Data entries

—————

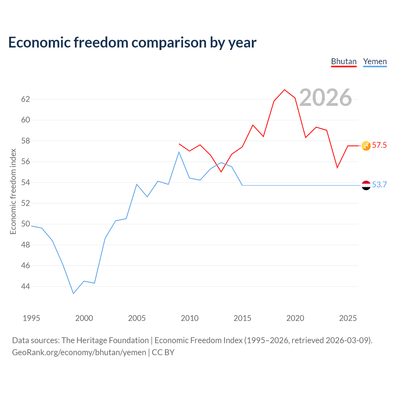 The Economic Freedom Index for Bhutan is 57.5, ranking 115/197, compared to 53.7 for Yemen, ranking 138/197. The chart above displays a comparison of annual changes in economic freedom indexes.
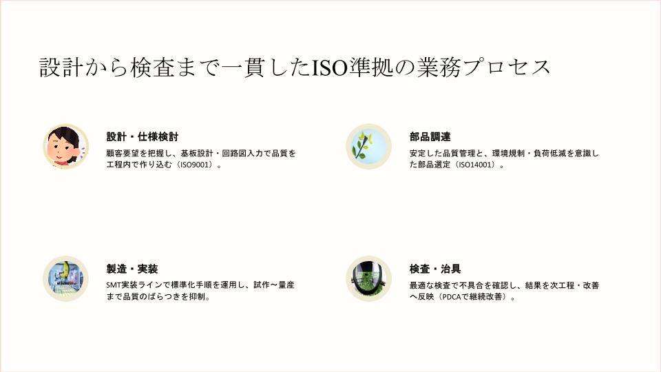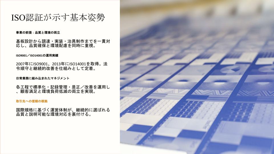 ISOといえばネジやフィルムなどの規格として一般的ですが、組織運営の仕組みの国際規格であるISO9001(品質マネジメントシステム)、ISO14001(環境マネジメントシステム)、ISO22000(食品安全マネジメントシステム)などもすでに多数の企業が取得しております。
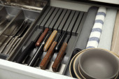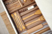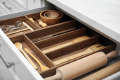Zdjęcie "Open drawer of kitchen cabinet with different utensils, closeup" może być wykorzystywane do celów osobistych i komercyjnych zgodnie z warunkami zakupionej licencji Royalty-free. Obraz jest dostępny do pobrania w jakości wysokiej rozdzielczości do 5760x3840.
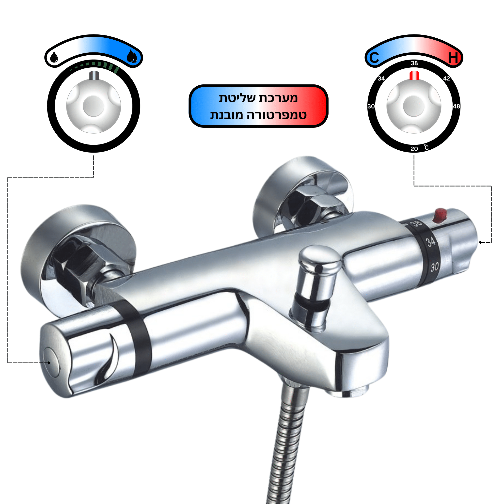 סוללה בעלת מנגנון המבודד חום וכך מונע כוויות, מנגנון השולט בחום המים (לחצן בטיחות), מנגנון המאפשר שליטה בעוצמת זרימת המים וכך חוסך במים.
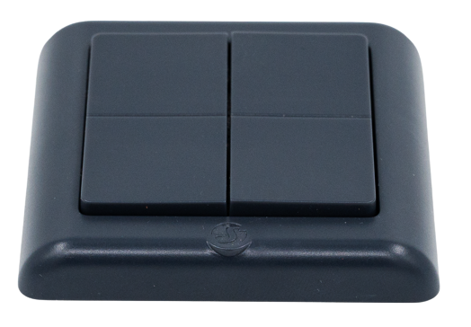 Batteridrevet vægkontakt med 4 knapper. Styr lys, scener m.m. Op til 5 års batterilevetid.
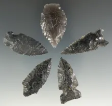 Set of five assorted Obsidian arrowheads found in Oregon, largest is 1 5/8". |
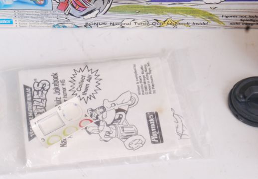 TEENAGE MUTANT NINJA TURTLES: An original vintage retro Playmates made Teenage Mutant Hero Turtles UK release Turtlecycle action figure playset. Within the original box, with Quiz Jokebook and instructions. Retains its original interior packaging.

—————

**WHAT YOU SHOULD DO**
Exactly as written, please copy out the whole set of records, skipping images.

**ANSWER TO THE PROBLEM**
 The Economic Freedom Index for Bhutan is 57.5, ranking 115/197, compared to 53.7 for Yemen, ranking 138/197. The chart above displays a comparison of annual changes in economic freedom indexes.
 ISOといえばネジやフィルムなどの規格として一般的ですが、組織運営の仕組みの国際規格であるISO9001(品質マネジメントシステム)、ISO14001(環境マネジメントシステム)、ISO22000(食品安全マネジメントシステム)などもすでに多数の企業が取得しております。
Zdjęcie "Open drawer of kitchen cabinet with different utensils, closeup" może być wykorzystywane do celów osobistych i komercyjnych zgodnie z warunkami zakupionej licencji Royalty-free. Obraz jest dostępny do pobrania w jakości wysokiej rozdzielczości do 5760x3840.
 סוללה בעלת מנגנון המבודד חום וכך מונע כוויות, מנגנון השולט בחום המים (לחצן בטיחות), מנגנון המאפשר שליטה בעוצמת זרימת המים וכך חוסך במים.
 Batteridrevet vægkontakt med 4 knapper. Styr lys, scener m.m. Op til 5 års batterilevetid.
 Set of five assorted Obsidian arrowheads found in Oregon, largest is 1 5/8". |
 TEENAGE MUTANT NINJA TURTLES: An original vintage retro Playmates made Teenage Mutant Hero Turtles UK release Turtlecycle action figure playset. Within the original box, with Quiz Jokebook and instructions. Retains its original interior packaging.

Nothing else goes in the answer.